Wireframes and information architecting were not part of this project, but we did create a couple concepts.




Make it more clear which cable icon is for each cable. This could be done by making the color of the cable the same color as the icon or explicitly pointing out the connection.


Cable Organization

Make the cables easy to identify and see. Also remove cables that aren't used anymore. Ensure that each system has either the cords or adapters it needs to be inclusive to all types of devices.



• Give selectable items larger touch targets, especially the volume slider.
• Make colors minimalistic and obvious.
• Keep device controls prominently accessible.
• Provide interface feedback when a cable is plugged in.


Tone & Voice / Content

• Make the messaging more friendly.
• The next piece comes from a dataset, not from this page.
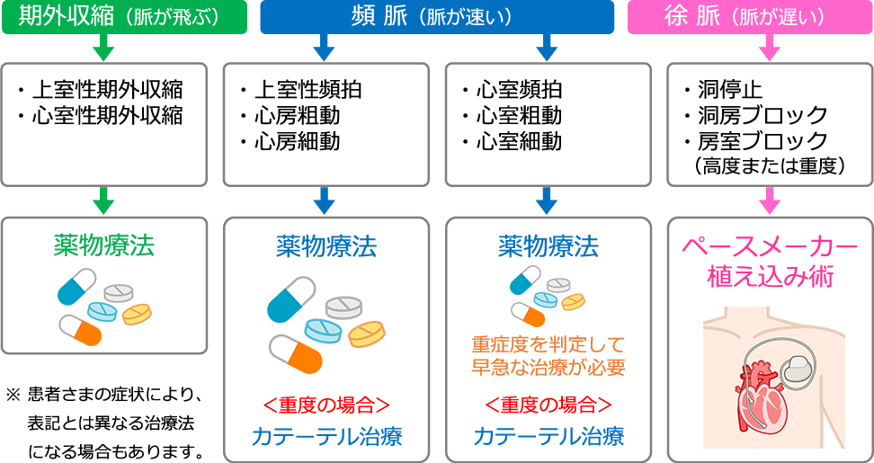 いずれも目的は不整脈の発生を抑えるなど、患者さまの不快感や不安をやわらげることです。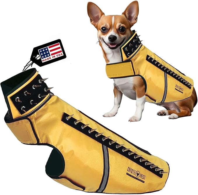 CoyoteVest SpikeVest Dog Harness Vest for Small Dogs, Reflective Dog Vest with Spikes to Shield Your pet from Coyotes, Raptor and Animal Attacks, Anti Hawk Vest, Made in USA (L-Yellow)

Make it as understandable as possible to people without a computer background.
• Either remove "TEC" branding, or make it more obvious what you're talking about.
• Include tooltips and error messaging to help users understand the system.Make icons unambiguous.


Delight & Help

• Teachers don't want to call support; they don't want to spend time fidgeting with controls.
• Include tips on launch to give help beginners become experts of the system.
• Include a "request help" option to request help from support or provide a phone number to call.
• Track which rooms have the most help requests and do further research



More than 700 classrooms across BYU campus are using a new A/V system that uses design principles that we proposed.

He was instrumental in helping us understand our user landscape and to consider options for improving the UX. We've been able to improve our product greatly because of his efforts.

Brandon Smith

Product Owner


This project was a lot of fun and a great way to dive into different various UX methods which are more analytical in nature instead of wireframing and interaction design. This project required careful thinking and perspective from professors, staff, students, and help desk to craft recommendations that would make a technology-enabled classroom a great experience.